# [Records excerpted from a collection]
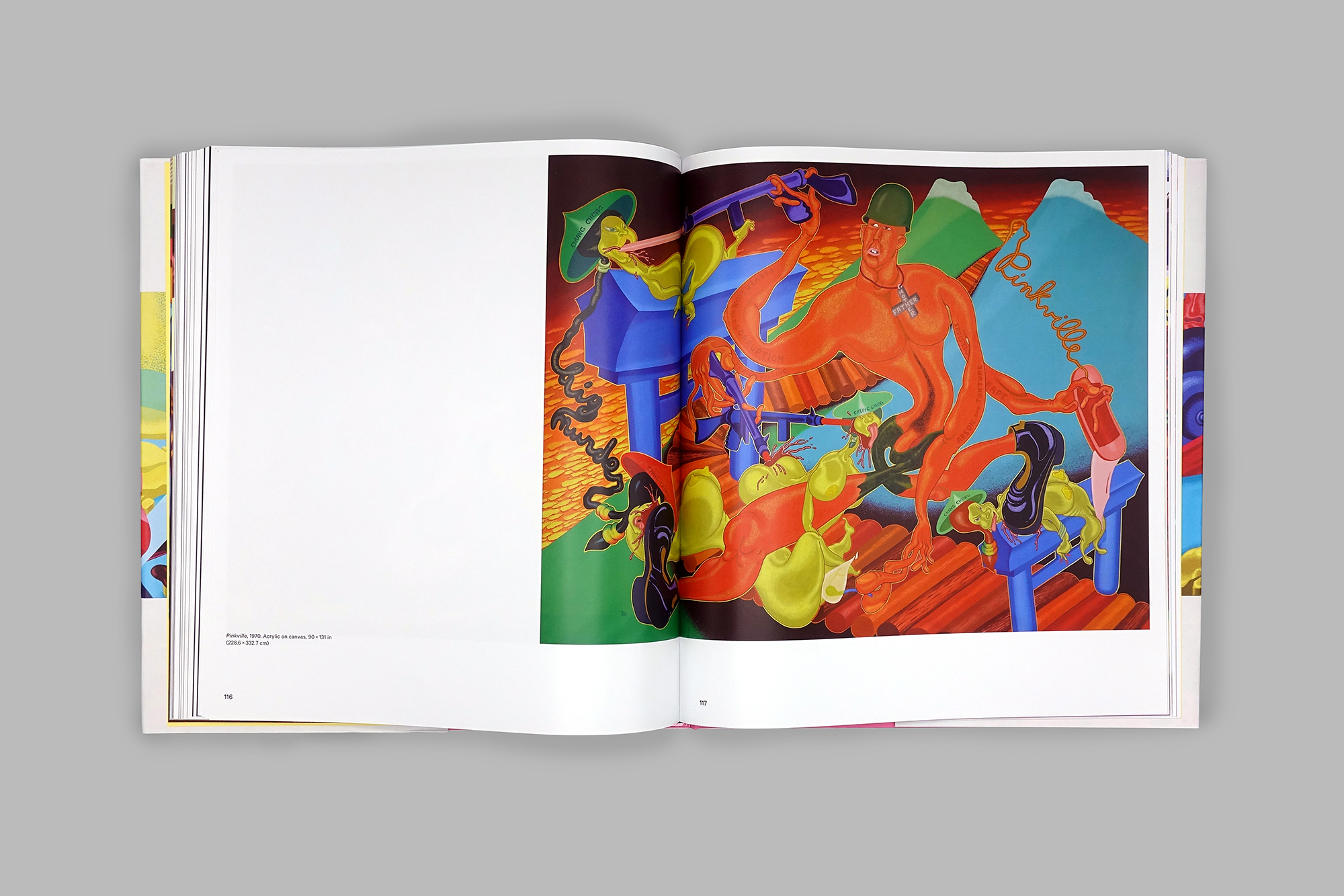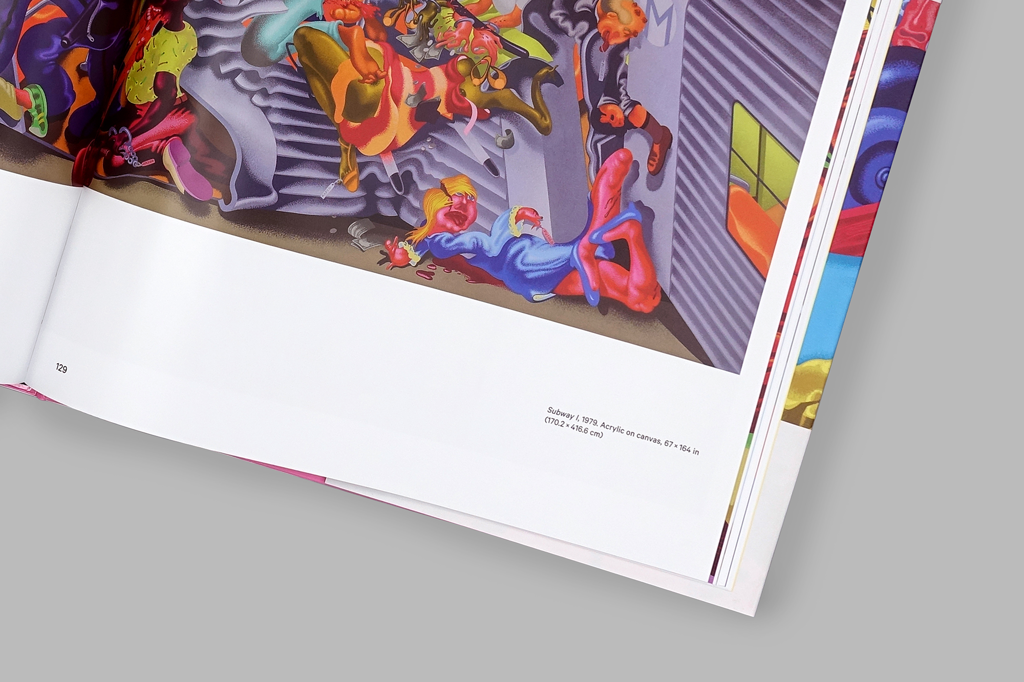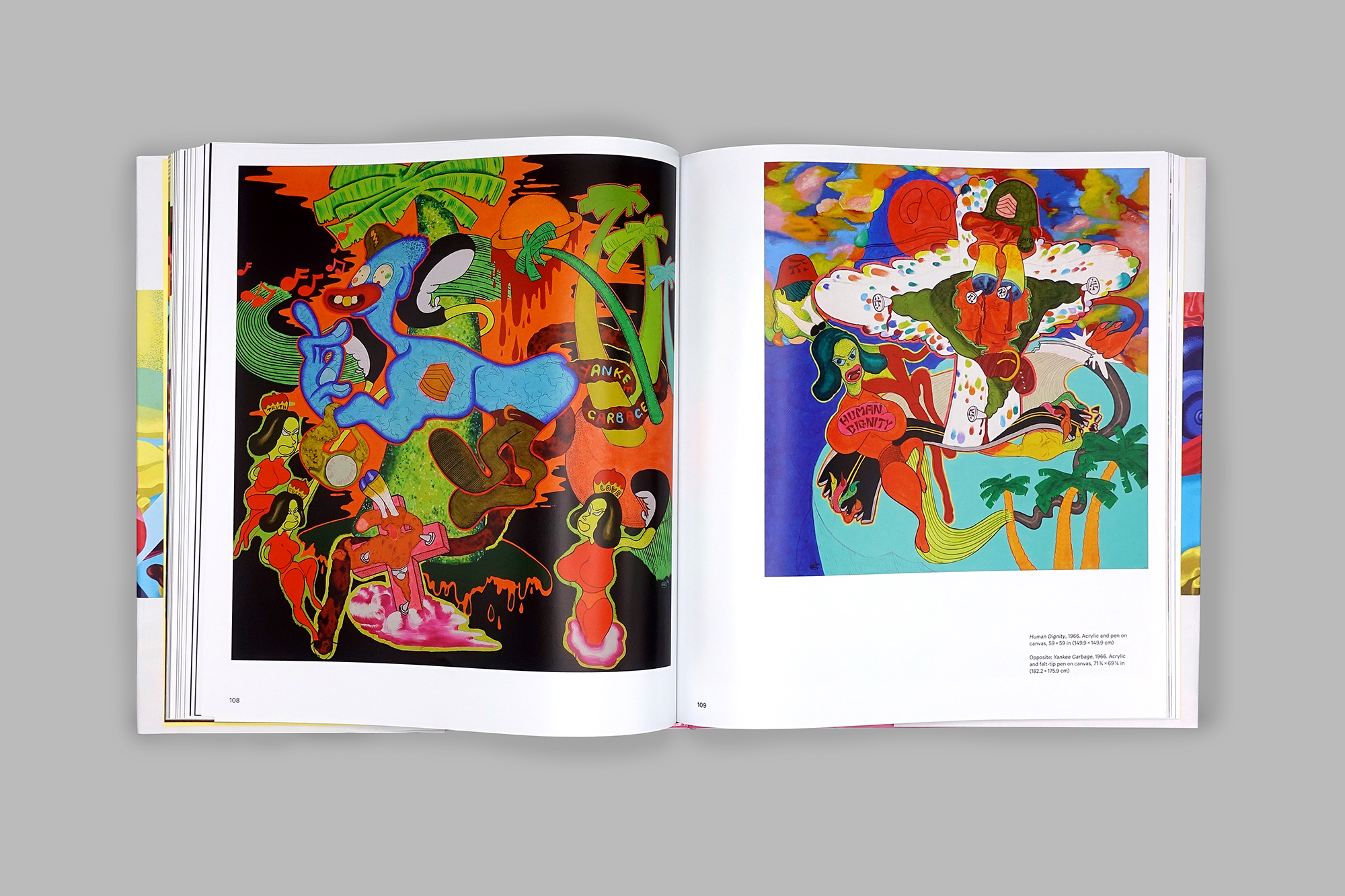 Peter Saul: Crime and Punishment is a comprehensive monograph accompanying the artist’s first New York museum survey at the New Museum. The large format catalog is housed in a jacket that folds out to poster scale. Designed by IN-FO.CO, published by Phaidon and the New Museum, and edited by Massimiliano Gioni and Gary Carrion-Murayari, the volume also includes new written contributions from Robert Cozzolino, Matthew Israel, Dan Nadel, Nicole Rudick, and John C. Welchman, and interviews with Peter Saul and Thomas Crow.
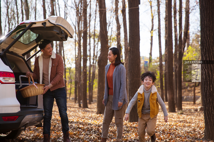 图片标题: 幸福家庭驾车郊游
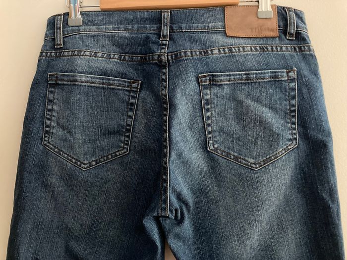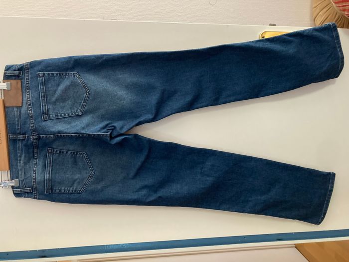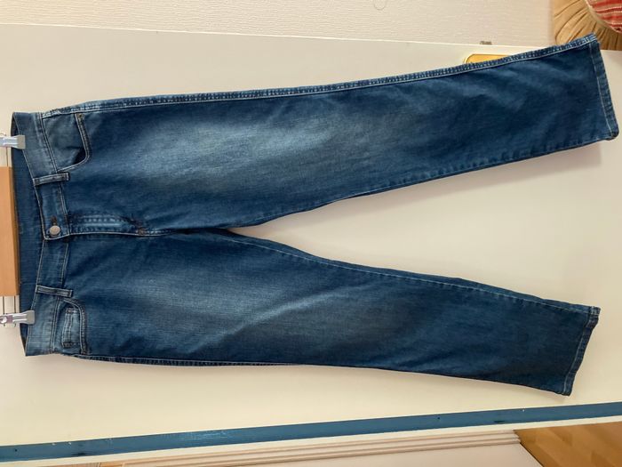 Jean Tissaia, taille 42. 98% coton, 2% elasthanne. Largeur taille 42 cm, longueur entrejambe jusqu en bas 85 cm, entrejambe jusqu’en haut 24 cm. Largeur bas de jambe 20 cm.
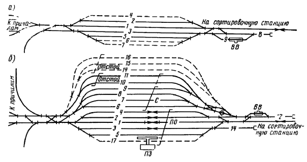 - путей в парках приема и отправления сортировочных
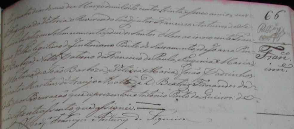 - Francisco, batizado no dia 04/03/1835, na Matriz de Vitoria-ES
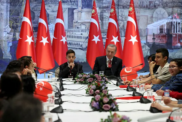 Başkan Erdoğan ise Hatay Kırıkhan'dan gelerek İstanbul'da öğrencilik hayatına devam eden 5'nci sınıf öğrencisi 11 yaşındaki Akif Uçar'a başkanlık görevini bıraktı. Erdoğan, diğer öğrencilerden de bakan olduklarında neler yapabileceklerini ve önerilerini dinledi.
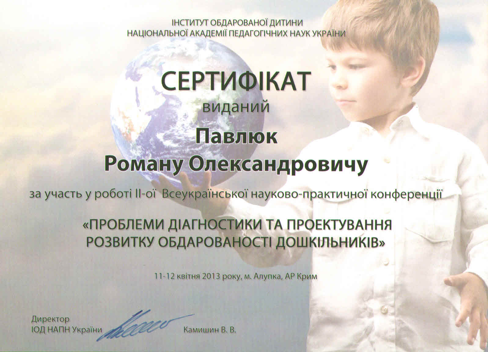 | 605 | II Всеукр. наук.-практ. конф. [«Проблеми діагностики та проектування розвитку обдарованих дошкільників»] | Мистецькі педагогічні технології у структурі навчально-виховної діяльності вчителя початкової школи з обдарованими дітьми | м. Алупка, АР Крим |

# [WORK REQUEST]
Nothing but the lines above from the one that has "- путей в парках" down to the one that has "- Francisco, batizado" belongs in the answer, copied exactly, without pictures.

# [SOLVED PROBLEM]
 - путей в парках приема и отправления сортировочных
 - Francisco, batizado no dia 04/03/1835, na Matriz de Vitoria-ES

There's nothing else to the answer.